Intercept those moments with language and signs: “Do you want the ball? Ball, please.” Demonstrate both signs. Over time, this modeling becomes the foundation for their own use of the signs. Experts suggest focusing on three different words or signs at a time when starting baby sign language. If “please” is one of your three, pair it with two concrete signs like “more” and “eat” rather than with other abstract concepts. This balance gives your child achievable successes with the concrete signs while gradually building familiarity with the courtesy sign.

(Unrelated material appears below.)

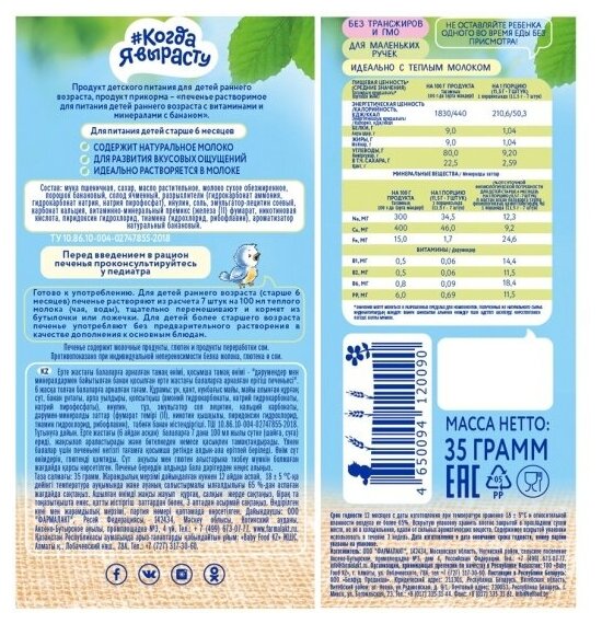 Печенье с бананом - это сбалансированный и полезный детский продукт питания или дополнительного прикорма для детей старше 6 месяцев. Разнообразные форматы печенья от мини-мини, которые так удобно держать маленькими детскими ручками, до стандартных, с забавными надписями на каждом из них, превратят процесс питания в развлечение! Печенье производится на новейшем современном заводе с соблюдением высоких требований к качеству детского питания.
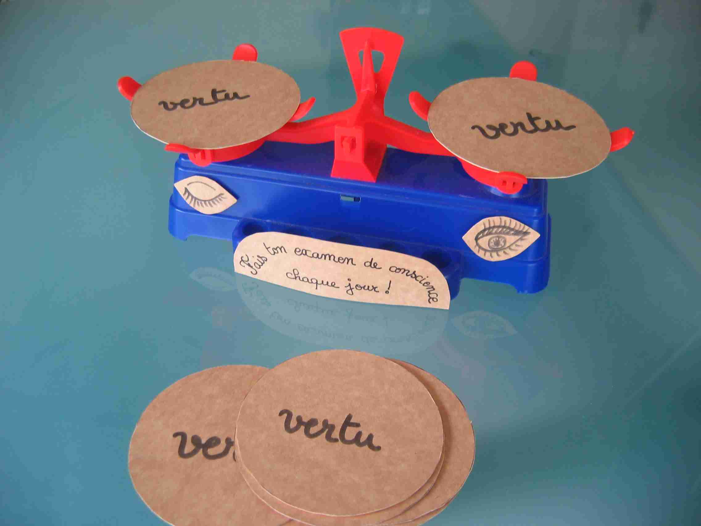Apprentissage à l'examen de conscience grâce à la balance des vertus :

Looking Ahead: From Please to Broader Communication
Teaching “please” is part of a larger journey toward communication and social skills. Children who learn baby sign language often transition smoothly to verbal language, and the politeness concepts introduced through signing carry forward. The child who learns to sign “please” before speaking will likely use the spoken word naturally when it develops.
As your child’s signing and speaking vocabulary grows, “please” becomes just one of many social niceties they’ll learn. “Thank you,” “sorry,” and “excuse me” all have corresponding signs in ASL that can be adapted for baby use. The foundation you build with “please”””understanding that certain words and gestures are about social harmony rather than direct requests””supports all of this later learning.
Conclusion
The “please” sign in baby sign language””a flat hand rubbing in a circle on the chest””is simple to perform but more complex to teach meaningfully than many parents realize. Because courtesy is an abstract concept, babies may not truly understand what “please” represents until they’re closer to 12 to 18 months old, even if they can mimic the motion earlier.
The most effective approach is to establish concrete signs first, then introduce “please” as an addition to requests your child is already making. Prompt gently, reward approximations, and avoid making “please” a point of conflict. Over time, this sign becomes not just a communication tool but a foundation for social skills that will serve your child well beyond the baby sign language stage.